We herein report enantio- and diastereoselective fluorination of naphthoresorcinol and resorcinol derivatives for the first time using a dicarboxylate phase-transfer catalyst. Stereoselective oxidative transformation of resorcinol derivatives is considered to be difficult because of their high reactivity, multiple reaction sites, and multiple hydrogen bond interactions due to the presence of the two hydroxy groups.

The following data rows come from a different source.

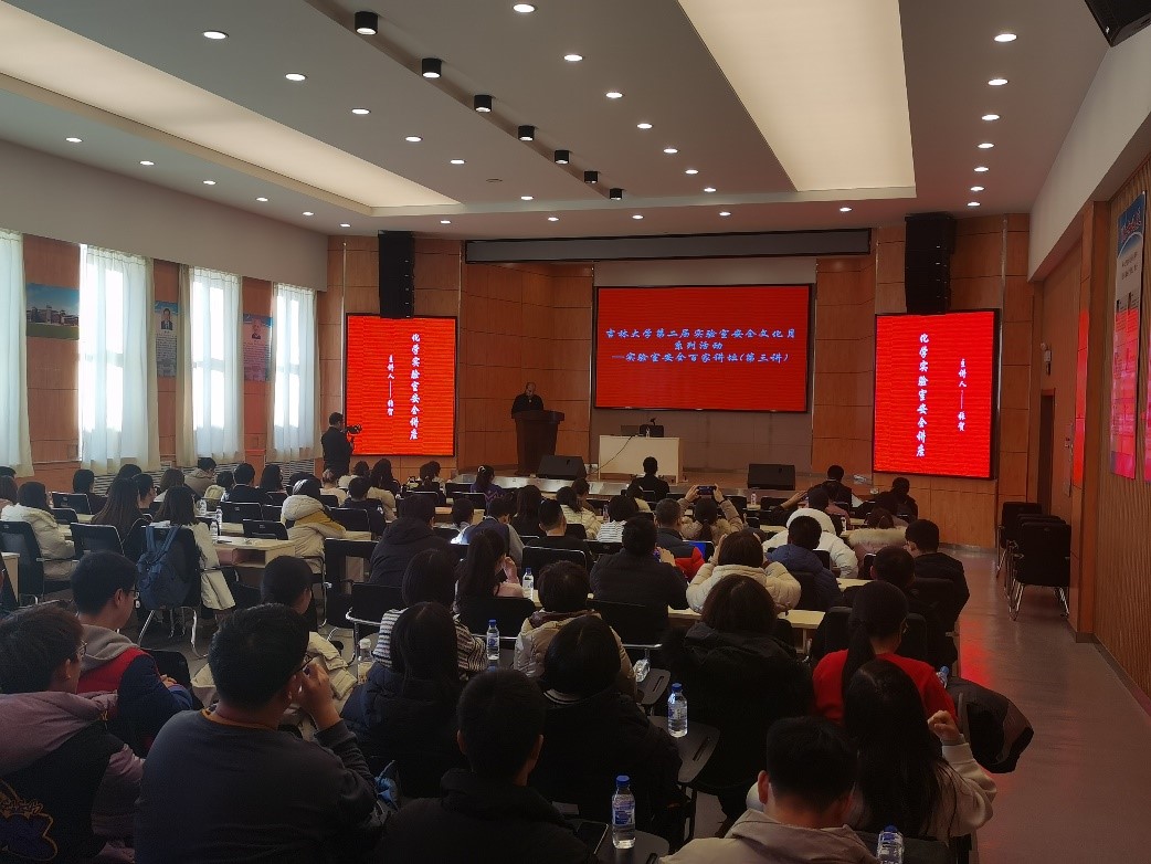 副院长张贺主讲,张贺结合多起由危险化学品引发事故的典型案例,深入分析了实验室用电、用火、危险化学试剂管理等方面可能存在的潜在危险,为参会师生树立了预防为主、未雨绸缪的指导思想。讲座第二部分由广州德标智能化工程有限公司的戴红军主讲,戴红军以《实验室气体安全讲座》为题,重点介绍了有毒气体、易燃易爆气体、惰性气体等可能造成的危害,并对高校实验室气体钢瓶的常见隐患进行了分析。讲座第三部分由长春奥狮环境监测有限公司的刘宇臣主讲,讲座内容包括电离辐射的类型、电离辐射的危害、电离辐射的防护等方面知识。
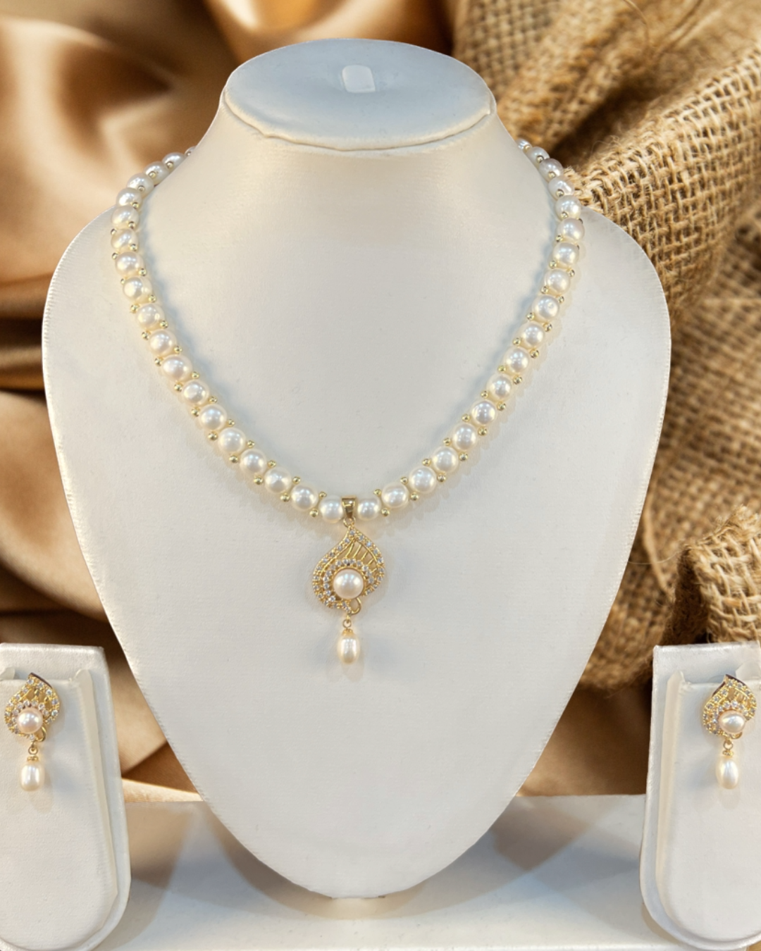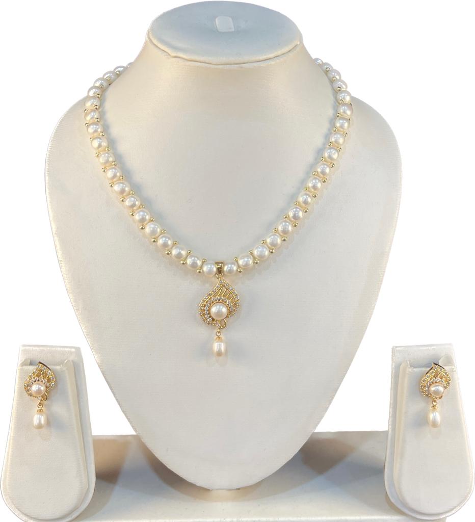 Elevate your style with our ravishing Real pearls necklace. Adorned with a button shape pearl and CZ studded beauteous pendant, and embellished with gold plated balls between the pearls, this set exudes timeless beauty. Complete with matching earrings, it's the perfect accessory to add a touch of elegance and sophistication to any ensemble.
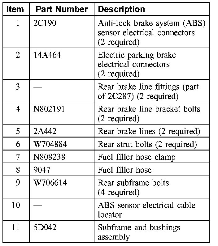3. NOTE: If a new rear subframe is to be installed, the differential and halfshafts must be removed prior to removal of the rear subframe. For all other procedures, the differential, halfshafts and rear subframe are to be removed as an assembly.

Even though resorcinol and its oxidized frameworks are widely found in bioactive natural compounds, dearomative asymmetric fluorination of resorcinol derivatives remains unexplored. We found that our chiral dicarboxylate phase-transfer catalyst could serve as an effective catalyst for the purpose. Interestingly, naphthoresorcinols and resorcinols were converted to difluorination products preferentially rather than monofluorinated products. It is noteworthy that asymmetric desymmetrization of symmetrically substituted resorcinols occurred with up to 95% ee and the reaction was tolerant of various functional groups.

我们在此首次报道了使用二羧酸相转移催化剂对萘基间苯二酚和间苯二酚衍生物进行对映选择性和非对映选择性氟化。间苯二酚衍生物的立体选择性氧化转化被认为是困难的，因为它们具有高反应性、多个反应位点以及由于两个羟基的存在而导致的多个氢键相互作用。尽管间苯二酚及其氧化骨架广泛存在于生物活性天然化合物中，但间苯二酚衍生物的脱芳基不对称氟化仍未得到探索。我们发现我们的手性二羧酸相转移催化剂可以作为一种有效的催化剂。有趣的是，萘并间苯二酚和间苯二酚优先转化为二氟化产物而不是单氟化产物。值得注意的是，对称取代的间苯二酚发生不对称去对称化，ee 高达 95%，并且反应对各种官能团具有耐受性。